Search code examples
pythonmatchoption-typepython-re

Python RE, problem with optional match groups


My apologies if this has been asked before. I am parsing some law numbers from the California penal code so they can be run through an existing database to return a plain-language title of the law. For example:

PC 182(A)(1); PC 25400(A)(1); PC 25850(C)(6); PC 32310; VC 12500(A); VC 22517; VC 23103(A)

Each would be split at ';' and parsed into:

{'lawType': 'PC', 'lawNumber': '182', 'subsection': 'A', 'subsubsection': '1'} Returns: Conspiracy to commit a crime

Here's my RE search:

(?P<lawType>[A-Z]{2})[ ](?P<lawNumber>[0-9.]*[A-Z]?)\((?P<subsection>[A-Z])\)?\((?P<subsubsection>[0-9])\)?

Every law should have at least the type and number (i.e. PC 182), but sometimes they also have the subsection and subsubsection (i.e. (A)(1)). Those two subgroups need to be optional, but the search above isn't picking them up using the '?'. This code works, but I'd like to make it more compact with just one search:

lineValue = 'PC 182(A)(1); PC 25400(A)(1); PC 25850(C)(6); PC 32310; VC 12500(A); VC 22517; VC 23103(A)'
#lineValue = 'PC 148(A)(1); PC 369I; PC 587C; MC 8.80.060(F)'
chargeList = map(lambda x: x.strip(), lineValue.split(';'))
for thisCharge in chargeList:
    m = re.match(r'(?P<lawType>[A-Z]{2})[ ](?P<lawNumber>[0-9.]*[A-Z]?)\((?P<subsection>[A-Z])\)\((?P<subsubsection>[0-9])\)', thisCharge)
    if m:
        detail = m.groupdict()
        print(detail)

    else:
        m = re.match(r'(?P<lawType>[A-Z]{2})[ ](?P<lawNumber>[0-9.]*[A-Z]?)\((?P<subsection>[A-Z])\)', thisCharge)
        if m:
            detail = m.groupdict()
            print(detail)

        else:
            m = re.match(r'(?P<lawType>[A-Z]{2})[ ](?P<lawNumber>[0-9.]*[A-Z]?)', thisCharge)
            if m:
                detail = m.groupdict()
                print(detail)

            else:
                print('NO MATCH: ' + str(thisCharge))

I have three different searches, which shouldn't be necessary if the '?' optional group marker were working as expected.

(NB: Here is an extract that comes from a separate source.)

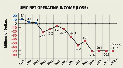 The expense of running UMC has dropped in the past couple of years, as patient loads have dropped. In fiscal 2011, which ended June 30, the expense fell 3.7 percent.
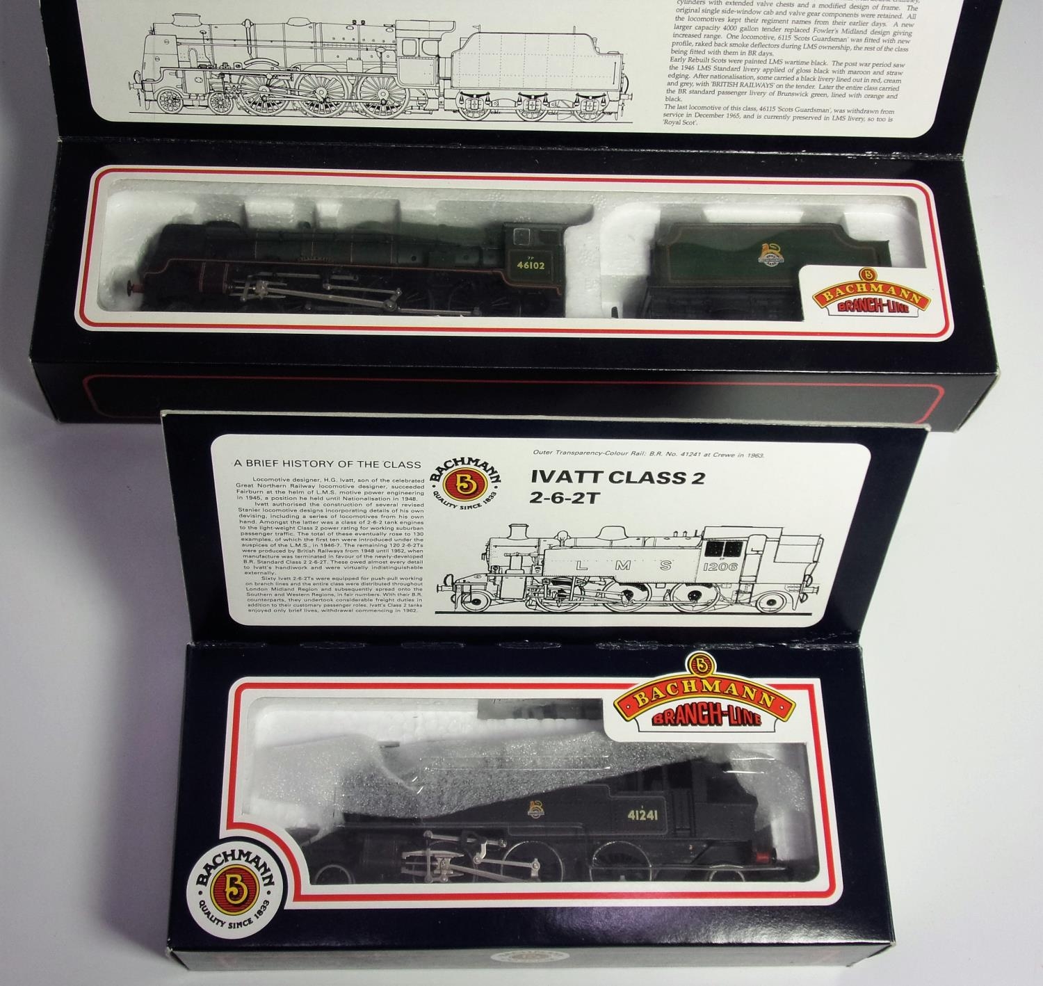 BACHMANN MODEL 31-451 IVETT 2-6-2 TANK LOCOMOTIVE 41241 IN BR LINED BLACK LIVERY TOGETHER WITH BACHMANN 31-225 REBUILT SCOTT 46102 BLACK WATCH IN BR GREEN BOXED CONDITION

Can anyone offer a thought?


Solution

  • The problem is in how you are applying the ? to make each of the subsections optional. A ? applies to just the term immediately preceding it. In your case, this is just the closing parentheses for each subsection Because of this, you are requiring the opening parentheses and the number or letter unconditionally for each subsection term. To fix this, just wrap the complete subsection terms in an extra set of parentheses, and apply the ? to those groups. This code:

    import re
    
    data = "PC 182(A)(1); PC 25400(A)(1); PC 25850(C)(6); PC 32310; VC 12500(A); VC 22517; VC 23103(A)"
    
    exp = re.compile(r"(?P<lawType>[A-Z]{2})[ ](?P<lawNumber>[0-9.]*[A-Z]?)(?:\((?P<subsection>[A-Z])\))?(?:\((?P<subsubsection>[0-9])\))?")
    
    def main():
        r = exp.findall(data)
        print(r)
    
    main()
    

    produces:

    [('PC', '182', 'A', '1'), ('PC', '25400', 'A', '1'), ('PC', '25850', 'C', '6'), ('PC', '32310', '', ''), ('VC', '12500', 'A', ''), ('VC', '22517', '', ''), ('VC', '23103', 'A', '')]
    

    Here's an example of how to use your expression to pick out the information for each law individually, making use of your group labels:

    def main():
        p = 0
        while True:
            m = exp.search(data[p:])
            if not m:
                break
            print('Type:', m.group('lawType'))
            print('Number:', m.group('lawNumber'))
            if m.group('subsection'):
                print('Subsection:', m.group('subsection'))
            if m.group('subsubsection'):
                print('Subsubsection:', m.group('subsubsection'))
            print()
            p += m.end()
    

    Result

    Type: PC
    Number: 182
    Subsection: A
    Subsubsection: 1
    
    Type: PC
    Number: 25400
    Subsection: A
    Subsubsection: 1
    
    Type: PC
    Number: 25850
    Subsection: C
    Subsubsection: 6
    
    Type: PC
    Number: 32310
    
    Type: VC
    Number: 12500
    Subsection: A
    
    Type: VC
    Number: 22517
    
    Type: VC
    Number: 23103
    Subsection: A
    

    Noticing how you were pre-splitting your data before applying your regex, I thought you might want to see how I would process each term using only regex matching.